Saturday, January 31, 2015

"What a great idea!"

#iTOMB Sammy 01.09.1
"Today I took a moment to step out of my box and paint where the artist paints. And it became a breath of fresh air, something from my regular norm. You see, I could have been busy just passing by, but my curiosity took me... viewing the collective art of "iThinkOutsideMyBox" and then painting... it created a moment for me. 

Once I started to paint, eventually others then came around to paint or view instead of simply passing by or remaining distant onlookers. One took a moment out of her life to paint. Before and after, another was engaged and smiling about this art. 

We were all vibrant participants, brush stokes on this canvas of life called 14th street New York lobby area of the 8th ave subway. We all took a breath together, breathing in life and exhaling the breeze now made easier through this refreshment of art. Our marks will be left there. 

Just as David is leaving his mark by not allowing life to define him, but defining life through art." 

14 St & 8 Ave Metro
I spend my days awash in compliments – awash in comments like this. And then some days take home $10 or even less. There's the photographer who spends 40 minutes painting and discussing art who leaves 12 cents - and yet she regards herself as an artist as well and wants to be paid for her work. Everyone compliments me. Some even congratulate me. Still, I have no idea what that really means. Congratulations? For what? "What a great idea!", they say. But is it really a great idea if it can't support itself? Maybe it still is. – A gallery owner on a Chelsea street corner yells disparagingly into his iPhone, "Ideas? Ideas? Fuck ideas! Fuck 'em. You tell, (insert artist's name here), I need fucking product! Paintings Goddammit! Not fucking ideas! Nobody buys ideas!" 

Ask how much someone will pay for your idea and you'll think more than twice before telling anyone anything again – the non-existent values society gives to brilliant ideas. The idea of electric light was worth nothing - but the lightbulb? That paid the bills. Today the app that actualizes the idea pays the bills, not the idea.

And yet, this is one idea I own, and actualize - the idea to let anyone paint on the spot , which they love – and bask in the glory of the fabulous results we're getting. It's quite possibly the best idea I've ever had. But I don't have the resources to keep giving it away.
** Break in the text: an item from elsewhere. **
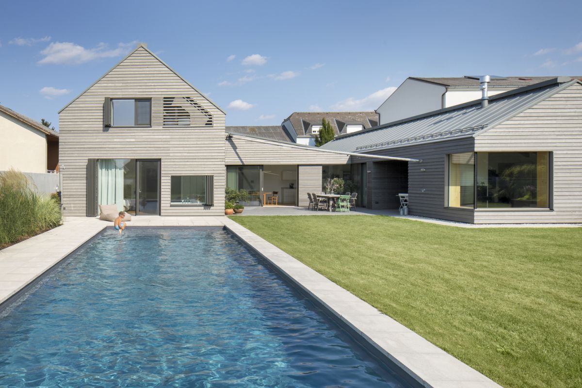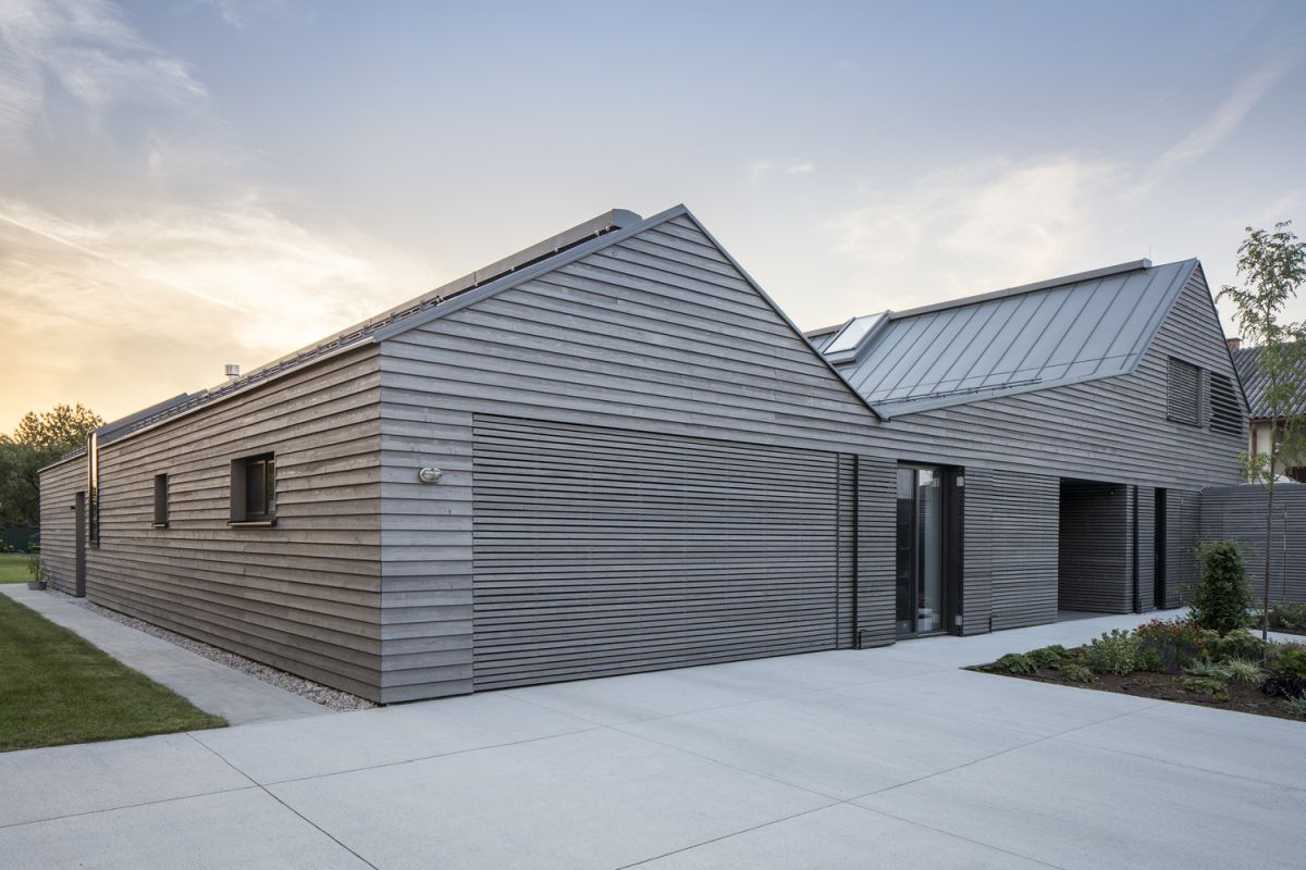 Esta casa es bastante grande en comparación con todas las demás que les mostramos hasta ahora. Fue diseñado por el estudio HEIMSPIEL architektur y está ubicado en Burgenland. Tiene una planta en forma de U que forma tres volúmenes separados, todos conectados bajo este techo plegado asimétrico que se ve muy bien desde el exterior. Esta es en realidad una interpretación moderna del clásico techo a dos aguas, que era un requisito impuesto por las normas locales. Cada una de las tres alas tiene una altura diferente y una estructura y geometría distintas. Todos se conectan entre sí de una manera muy armoniosa.

"There's a fine line between desperation and intimidation", someone said to me during my Holiday push for funding. We fell 30% short of our $1000 goal. And so to those of you who are tired of me screaming for support, here are some other things you can do to help us through the winter, other than telling me what a brilliant idea it all is (which I still do appreciate:).

1) Donate for a print: Online, click here and choose two for $100, or go to the Shopping Cart. Onsite, look at our more competitively priced "artist proofs" at $10, $20 and $30.

2) Spread the news: If I hear, "That should be on the news - or in a museum" one more time, without a reasonable way to get it there, help me out. Send a letter and picture to your favorite channel, paper, magazine or museum and let them know what you think about #iTOMB. And if you know editors or curators, please pass their names along to me - I'll contact them.

3) Arts Grants: Unfortunately, we did not make the shortlist for the ArtPlace grant program this year but they were looking for more mature projects and we'll get more shots at that later. In the interim time, please help me keep abreast of grants, fellowships and residencies we might be well suited for - or nominate us for the MacArthur Genius Award:).

I thank again all of the many people who do support us nicely through print donations and pictures of presidents other than Washington on-site - but for the rest of you, especially the students and teachers at the $40,000 a year tuition art schools in this city – If you love a creative idea, support it. Financially. Because someday, another great idea will be yours and you'll have some very serious student loans to care for - you'll appreciate being paid rightly for your work.